| ABOUT THIS TASK |
For this exercise, copy exactly only the lines from the one containing "Description: Bay of" to the final line of the material below, without the pictures.

| STORED DATA |
_ _ _ _

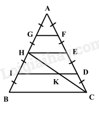 Xét tam giác ABC có: \(\frac{{AI}}{{IB}} = \frac{{AD}}{{DC}}\left( {AG + GH + HI = AF + FE + ED} \right) \Rightarrow ID//BC\) (định lí Thales đảo)
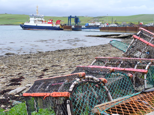 Description: Bay of Houton, Mainland, Orkney. The bay is sheltered by the Holm of Houton. The RO / RO ferry, MV Hoy Head, runs to Flotta and Hoy (Lyness).
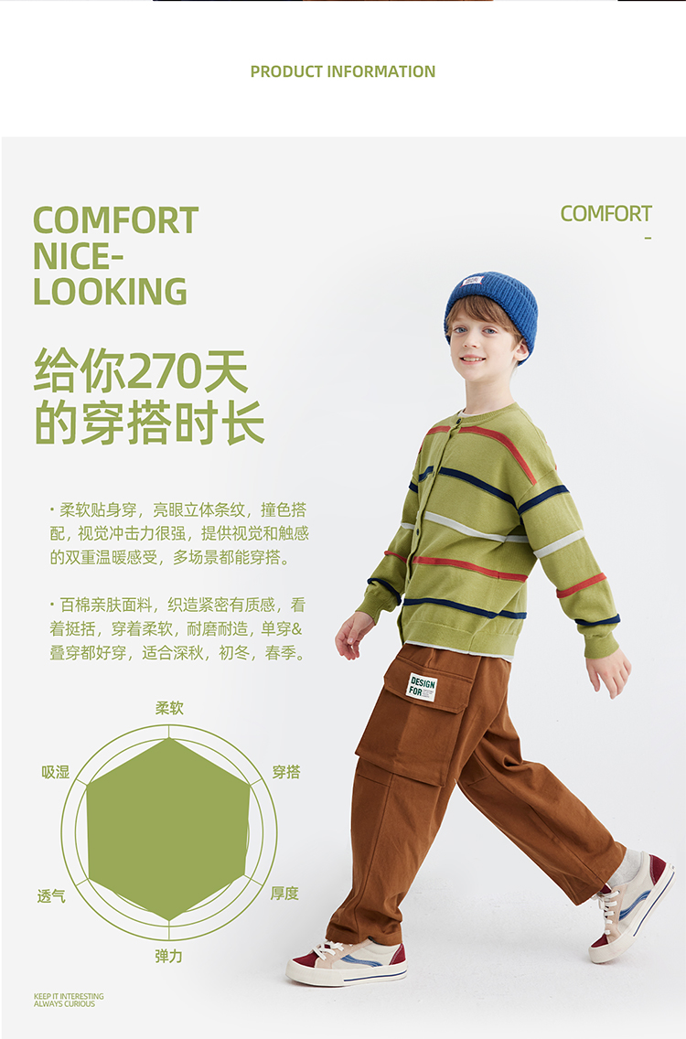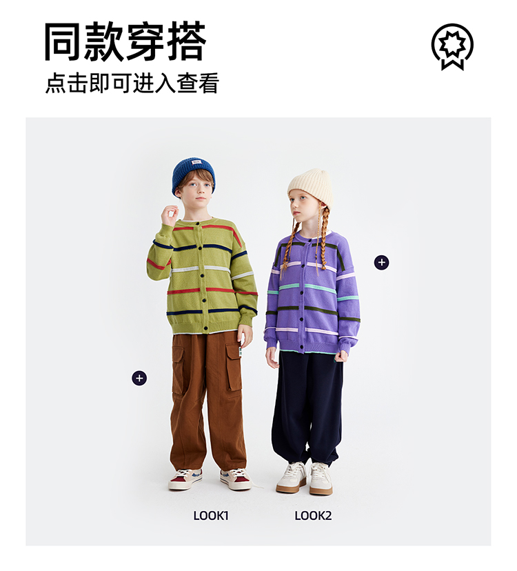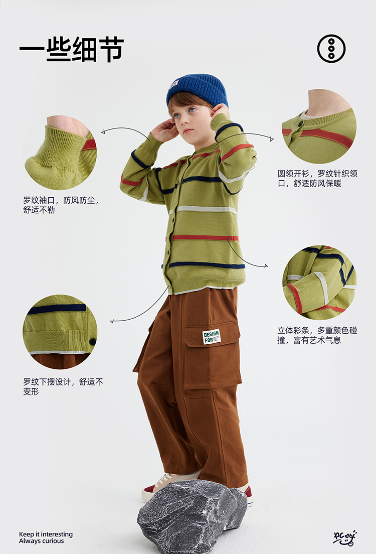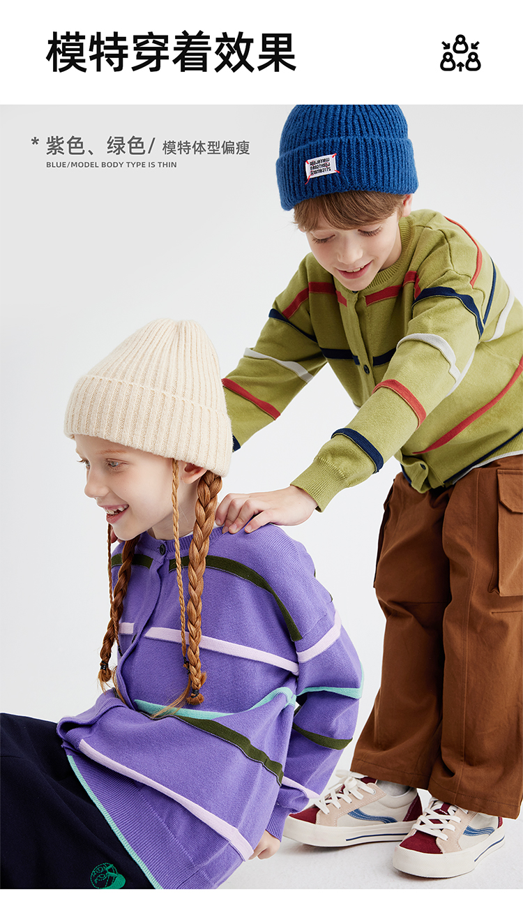 【32s柔软棉纱】儿童撞色条纹开衫毛衣 PQMY2404
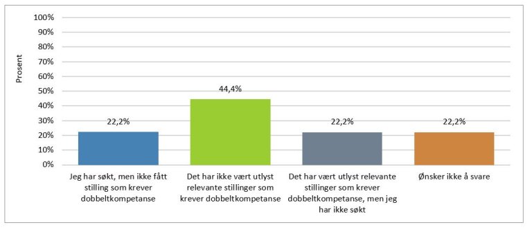De to som ikke har søkt stillinger som krever dobbeltkompetanse, svarer "annet" på spørsmål om årsaker til det. Kommentarer under "annet" kan ses i vedlegg 4, pkt. 30.

_ _ _ _

| RESPONSE |
 Description: Bay of Houton, Mainland, Orkney. The bay is sheltered by the Holm of Houton. The RO / RO ferry, MV Hoy Head, runs to Flotta and Hoy (Lyness).
 【32s柔软棉纱】儿童撞色条纹开衫毛衣 PQMY2404
De to som ikke har søkt stillinger som krever dobbeltkompetanse, svarer "annet" på spørsmål om årsaker til det. Kommentarer under "annet" kan ses i vedlegg 4, pkt. 30.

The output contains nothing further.